Бот остановился на рейде. Так говорится, когда судно не подходит к берегу, а останавливается невдалеке от него. С бота спустили шлюпку, и три человека сели в неё. Четвёртый, наверное механик, проводил их и остался на боте. Мы к этому времени сошли вниз и стояли на песчаном берегу бухты. Два матроса гребли, а пожилой человек, видно капитан или хозяин судна, сидел на руле. Шлюпка врезалась в песок, и все трое вышли на берег. Матросы помогли сойти пожилому человеку – капитану или хозяину – и пропустили его вперед. Фома Тимофеевич стоял подобравшийся и торжественный. Сразу было видно, что он капитан. Он сделал шаг вперед и сказал:

– Здравствуйте. Я капитан советского бота «Книжник», Коновалов.

Пожилой человек сделал шаг вперед и протянул руку:

– Здравствуйте, господин капитан, – сказал он. – Я владелец и капитан приписанного в порту Вардэ рыболовного бота «Фру Нильсен». Мы были задержаны в море штормом, у нас кончилось горючее, и мы вынуждены были идти к ближайшему острову. Это, кажется, остров Колдун?

– Да, – сказал Фома Тимофеевич, – это остров Колдун. Вы хорошо говорите по-русски, господин капитан. Простите, как ваша фамилия?

– Генрих Нильсен, – сказал норвежский капитан. – По-русски я говорю почти так же, как по-норвежски. Я долгое время имел маленький промысел на мурманском берегу.

– Верно, до революции? – спросил Фома Тимофеевич.

– Разумеется, – кивнул головой капитан Нильсен. – Остров Колдун – это, кажется, советский остров?

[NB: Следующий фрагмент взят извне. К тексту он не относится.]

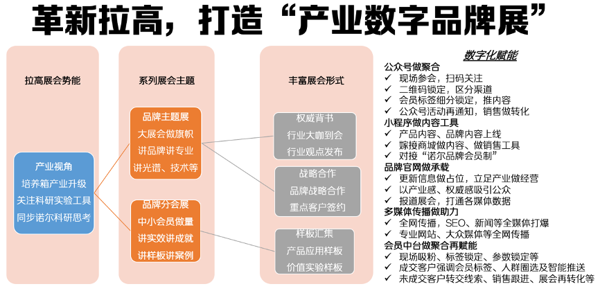 為了解決新科研品牌認知度的問題,項目組建立諾爾抓住線下行業展會的機會,打爆“行業展會”。

– Мне тоже кажется, что остров Колдун – это советский остров, – усмехнувшись, сказал Фома Тимофеевич.

– В таком случае, – капитан Нильсен выпрямился и принял торжественную позу, – прошу прибежища у вас, как у хозяина.

– Рад буду помочь, – коротко сказал наш капитан. – Жаль, что не смогу вас угостить как следует. Сами, как видите, потерпели кораблекрушение.

– Доброе расположение, – сказал Генрих Нильсен, – тоже доброе угощение.

Фома Тимофеевич поклонился.

– Прошу к костру, господин капитан, – сказал он, – прошу к костру, господа матросы.

Неторопливо мы все пошли вверх по скале, к пещере, возле которой ещё догорал наш костёр. Глафира достала консервы и, пока мы все рассаживались, начала было их открывать, но один из матросов вскочил, молча взял банку и очень быстро открыл её большим карманным ножом. Фрма нарезал хлеб и дал каждому из гостей по большому куску. Вынули ножи второй матрос и капитан. Неторопливо, солидно начали они есть, насаживая на кончики ножей куски консервированного мяса. Мне кажется, что они были сыты, угощение носило скорее характер официального обряда. Вот, мол, мы, советские граждане, принимаем на советской земле вас, норвежских моряков. Вот, мол, мы, норвежские моряки, с удовольствием принимаем ваше радушное угощение. Я слышал и читал иногда о дипломатических приемах. И вот, хотя и на голом черном граните, хотя без сервизов и без лакеев, но я увидел собственными глазами настоящий дипломатический прием.

– Удачный был промысел? – спросил Фома Тимофеевич.

– Благодарю вас, – кивнул головой капитан Генрих Нильсен, – трески промыслили хорошо. Этот год треска на яруса много берет. Другая беда. В Вардэ стоит низкая цена на рыбу. А как у вас цены в этом году?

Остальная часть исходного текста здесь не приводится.